Bare skin, blood and the evolution of primate colour vision

Abstract

We investigate the hypothesis that colour vision in primates was selected for discriminating the spectral modulations on the skin of conspecifics, presumably for the purpose of discriminating emotional states, socio-sexual signals and threat displays. Here we show that, consistent with this hypothesis, there are two dimensions of skin spectral modulations, and trichromats but not dichromats are sensitive to each. Furthermore, the M and L cone maximum sensitivities for routine trichromats are optimized for discriminating variations in blood oxygen saturation, one of the two blood-related dimensions determining skin reflectance. We also show that, consistent with the hypothesis, trichromat primates tend to be bare faced.

Figure 1

(a) Reflectance spectra from a variety of human skin (data from NCSU spectral database), and from one male primate, namely Mandrillus sphinx (Sumner & Mollon 2003).

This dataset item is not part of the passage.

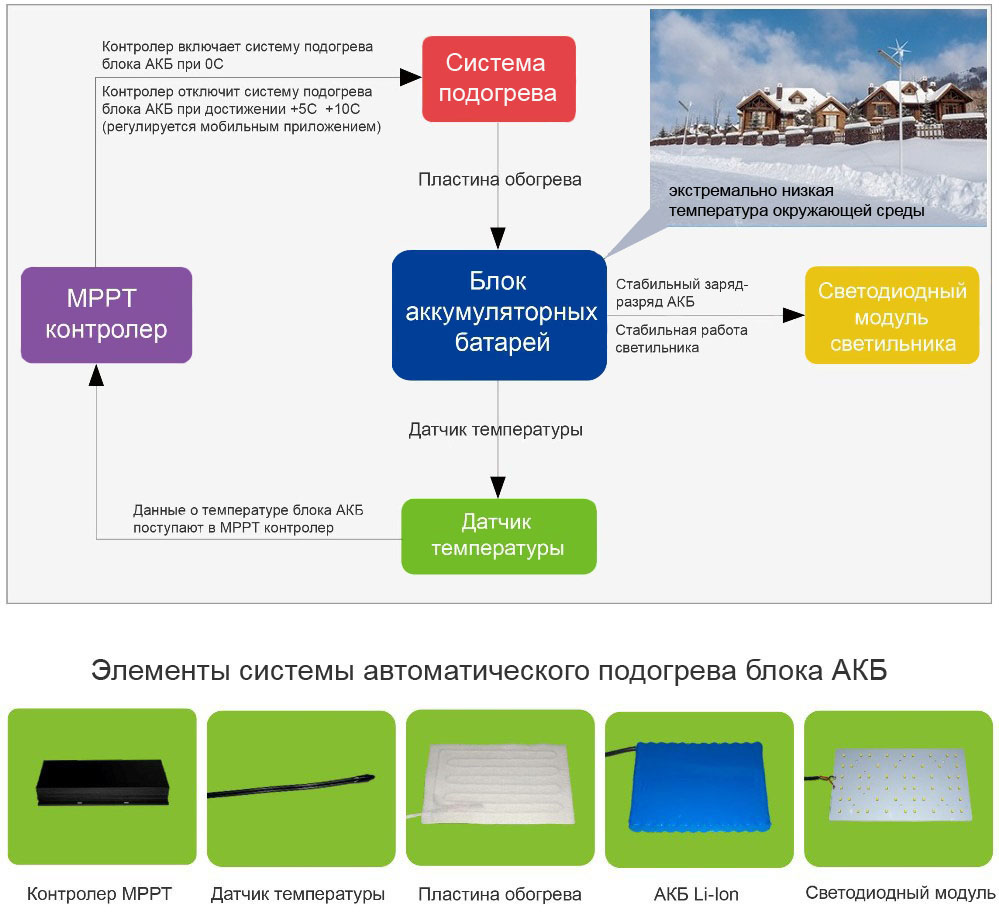 Функция автоматического подогрева блока аккумуляторов предназначена для поддержания положительных температур в блоке аккумуляторов в осенне-зимний период. Данная функция обеспечивает стабильный заряд и разряд аккумуляторов во время низких и экстремально-низких температур окружающей среды, что позволяет светильнику безотказно работать в полностью автономном режиме без затухания или вовсе отключения в ночное время.

Also shown here and in (b) are the maximal sensitivities for the M and L cones for routine trichromats. (b) Absorption spectrum for oxygenated and deoxygenated haemoglobin (from Scott Prahl, Oregon Medical Laser Center, http://omlc.ogi.edu). (c) Blood space for skin spectral modulation, showing the two principle variables that affect skin colour in the short term: haemoglobin oxygen saturation (x-axis), and haemoglobin skin concentration (y-axis). ‘High’, ‘baseline’ and ‘low’ values for these two variables were chosen, and the figure shows the nine skin spectra for all pairs of these parameter settings. Colours code the approximate direction of colour shift from baseline (centre). (d) Relative change from baseline for L−M and S−(L+M) for the nine model skin spectra varying over blood space from (c). Shown now are the filtered skin spectra actually reaching the retina. (e) Example skin colour modulations from modulations of blood variables. Data points show positions in this colour space for RGB values of skin under these conditions, along with the average values. See electronic supplementary material for the extended legend for this figure.

Figure 2

(a) The curve shows the difference between the absorption spectrum for oxygenated and deoxygenated haemoglobin. The difference between oxygenated and deoxygenated skin spectra lead to qualitatively identical curves, no matter the specific skin constants (i.e. same peak and valley wavelengths). Shown also are peak M/L cone sensitivities for the primate genera shown (reviewed in Surridge et al. (2003)). (Height in the plot for these is only to separate the data.) The vertical lines are at wavelengths where we would expect the maximal sensitivities of M and L cones to be, respectively, if they are optimally sensitive for oxygenation variation, and subject to the constraint that M and L jointly function as the single dichromat M/L cone. For Tarsius, Surridge et al. (2003) give two different values for the single M/L cone, and an ‘x’ point is shown for the longer wavelength one. For Cebuella, an allele at 543 nm has been added because Surridge & Mundy (2002, p. 2164) believe it probably exists but was not measured due to low sample size. (b) A plot of sensitivity of M/L cones to oxygenation variation, for each primate genus, where 100% would occur if the maximal sensitivities of M and L occurred at the optimum for oxygenation sensitivity. For polymorphic trichromatic primates, points are placed for each of the possible pairs of M/L cones. In several cases, Surridge et al. (2003) do not mention all three M/L cones, and we utilized the value from other genera in the same family. The line shows the average sensitivity for all M and L pairs centred around 543 nm (the typical dichromat maximal sensitivity wavelength), where M ranges as low as 500 nm.